**Instructions for the task**. Could you write out, exactly and with no pictures, every line from the one containing "Wow, another big" through the last line of the entries?

**Data records**.
►
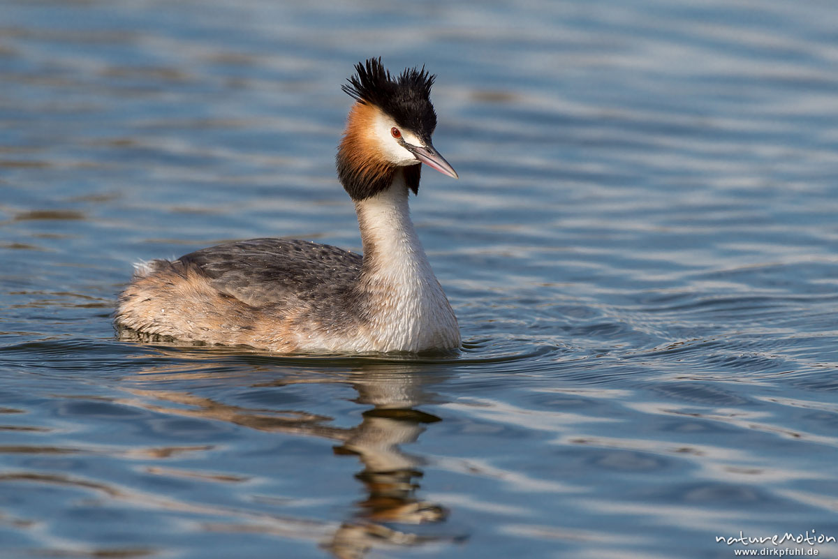 Haubentaucher, Podiceps cristatus, Podicipedidae, schwimmend, Kiessee, Göttingen, Deutschland
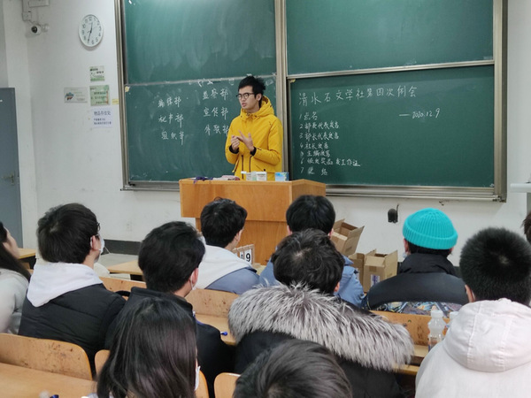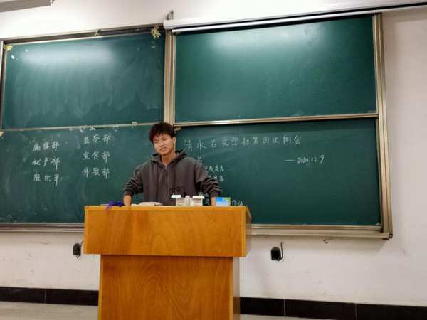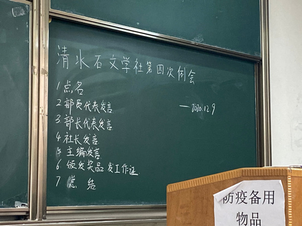 2020年12月9日星期三中午12点10分,清水石文学社于综合楼311教室召开了本学期的第四次例会,也是最后一次例会。本次例会的参与人员有社长、部长以及各社员。本次例会的目的是反思社团在本学期内出现的问题,同时也总结取得的突出成就,并给表现优秀的部员进行奖励。
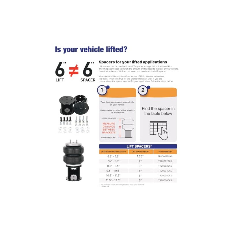 - How to decide the height - Do not assume that a 6" lift kit will require a 6" lift spacer. Most 6" lifts only have 4" of lift in the rear to level out the truck. Please, see the pictures about how to decide how many inch spacer you need.
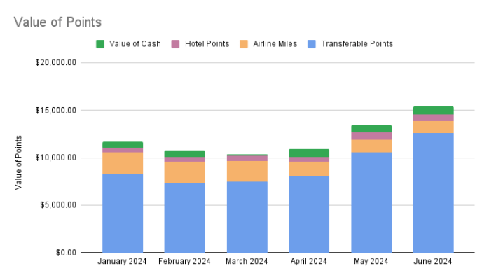 Wow, another big month of accumulating points as we continue to collect Membership Reward points from the three American Express cards that we signed up for this year. Last month Jenn earned her 130,000 point bonus on her Amex Business Gold card. This month, I earned my 75,000 point signup bonus on my Amex Gold Card. These bonuses in the last two months were the main reason why our total points valuations jumped from over $10,500 two months ago to over $15,000 now.
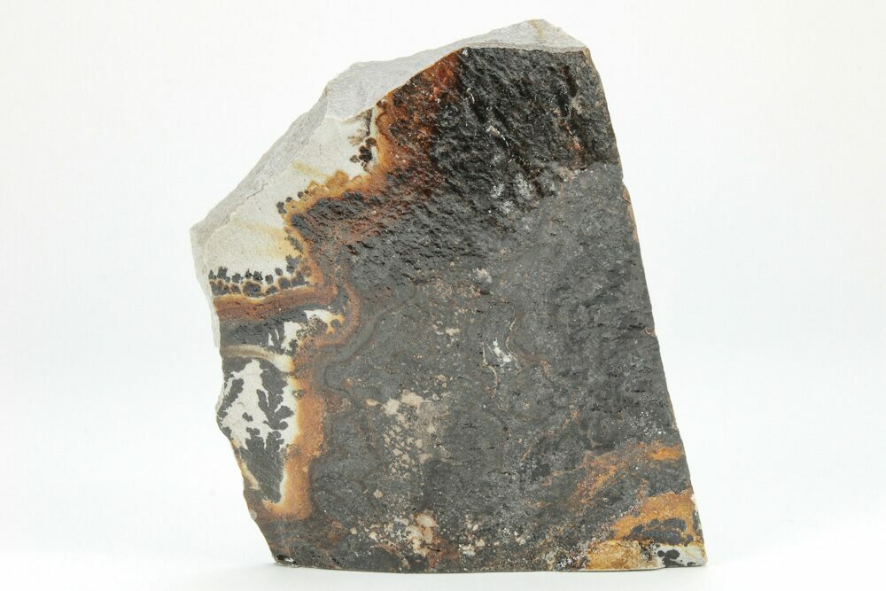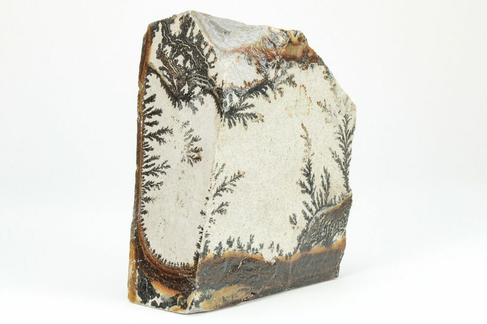 This is a gorgeous 4.15" section of limestone with manganese dendrites on the surface. While they look like plant fossils they are mineral formations, that often occur between layers of sedimentary rock.
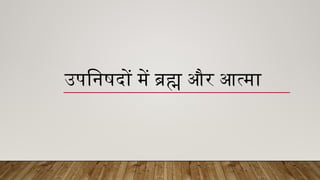 उपनिषदों में बार-बारआत्मा शब्द हमें प्राप्त होता है। 'आत्मा वा अरे श्रोतव्यो, मनतव्यो,
◄
**Exercise response**.
 Wow, another big month of accumulating points as we continue to collect Membership Reward points from the three American Express cards that we signed up for this year. Last month Jenn earned her 130,000 point bonus on her Amex Business Gold card. This month, I earned my 75,000 point signup bonus on my Amex Gold Card. These bonuses in the last two months were the main reason why our total points valuations jumped from over $10,500 two months ago to over $15,000 now.
 This is a gorgeous 4.15" section of limestone with manganese dendrites on the surface. While they look like plant fossils they are mineral formations, that often occur between layers of sedimentary rock.
 उपनिषदों में बार-बारआत्मा शब्द हमें प्राप्त होता है। 'आत्मा वा अरे श्रोतव्यो, मनतव्यो,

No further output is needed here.